The metadata stored for the invalid images has the correct file sizes and the previews appear fine in Uppy.

It is then impossible to upload these images again without manually deleting them from the bucket, as it always sees the existing uploads as valid, even though the data is missing.
If I disable S3 storage all the files are uploaded fine.

To Reproduce
Upload a large number of images (100s) from Uppy React Dashboard to S3 backed tusd server

Expected behavior
All the images should be stored in the S3 bucket.

Setup details

I am using this helm chart to run the server https://github.com/sagikazarmark/helm-charts/tree/master/charts/tusd

  • Operating System: Linux
  • Used tusd version: I've tried both the default "v.1.6.0" and "v2.0.0-rc4" tusd docker images.
  • Used tusd data storage: AWS S3 interface to OpenStack Swift
  • Used tusd configuration: -s3-bucket xxx -s3-endpoint yyy
  • Used tus client library: Uppy.js
@OKaluza OKaluza added the bug label Aug 4, 2021
@Acconut
Copy link
Member

Acconut commented Aug 10, 2021

Interesting report, thank you! My first guess is that maybe OpenStack Swift is behaving differently than S3, confusing tusd. Can you please record the tusd logs for all uploads and send them over?

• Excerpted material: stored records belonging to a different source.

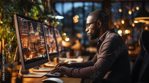 A concentrated professional works late at night on multiple computer monitors, reflecting dedication and a hard-working nature
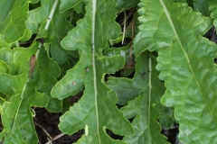 Leaves have prominent veins, irregularly toothed edges, lack hairs and are dark green. Rosette leaves are deeply toothed, oblong, and narrow at the base and attached to the compressed stem of rosette by way of short petioles and measures 8 inches long. Leaves on flowering stem are alternate resembling rosette leaves, shallow toothed and have sharply pointed tips. Stem leaves lack petioles and are triangular with broad bases which clasp the stem.
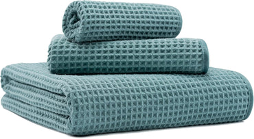 New Microfiber Waffle Bath Towels, 3 Pieces, Oversized, Soft, Absorbent, Fast Drying, Lint Free, Includes Bath, Face and Hand Towels
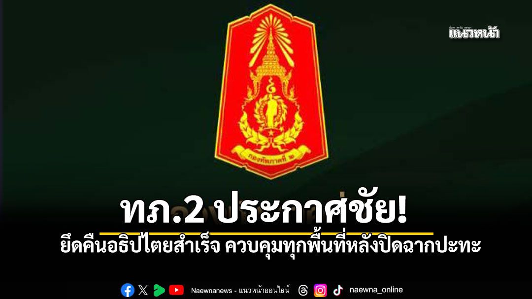 กองทัพภาคที่ 2 สรุปสถานการณ์ชายแดนไทย–กัมพูชา (27 ธ.ค.) ช่วงเช้ายังคงมีการปะทะหนักในหลายพื้นที่ ก่อนสั่งหยุดยิงเที่ยงวัน ทหารไทยควบคุมได้ทั้งหมดทุกพื้นที่ ที่เป็นพื้นที่ของประเทศไทยที่ยึดคืนกลับมาได้

If the file would be too large for GitHub, you can also mail it to marius@transloadit.com.

It is then impossible to upload these images again without manually deleting them from the bucket, as it always sees the existing uploads as valid, even though the data is missing.

Yes, that is because tus-js-client and Uppy store the upload URL associated with your files in localStorage. Either cleaning localStorage or setting resume: false for Uppy's tus plugin should help there.

@OKaluza
Copy link
Author

OKaluza commented Aug 11, 2021

Thanks @Acconut, I tried to find a log file but it doesn't seem to be there, where is it kept?
Do I need to pass a flag to enable logging? I tried adding "-verbose" but didn't seem to make a difference, according to https://github.com/tus/tusd/blob/master/docs/usage-binary.md that is on by default anyway.

@Acconut
Copy link
Member

Acconut commented Oct 17, 2021

Apologies for my late reply, @OKaluza. I was out of the office for some time. Let me know if this behavior is still occurring.

I tried to find a log file but it doesn't seem to be there, where is it kept?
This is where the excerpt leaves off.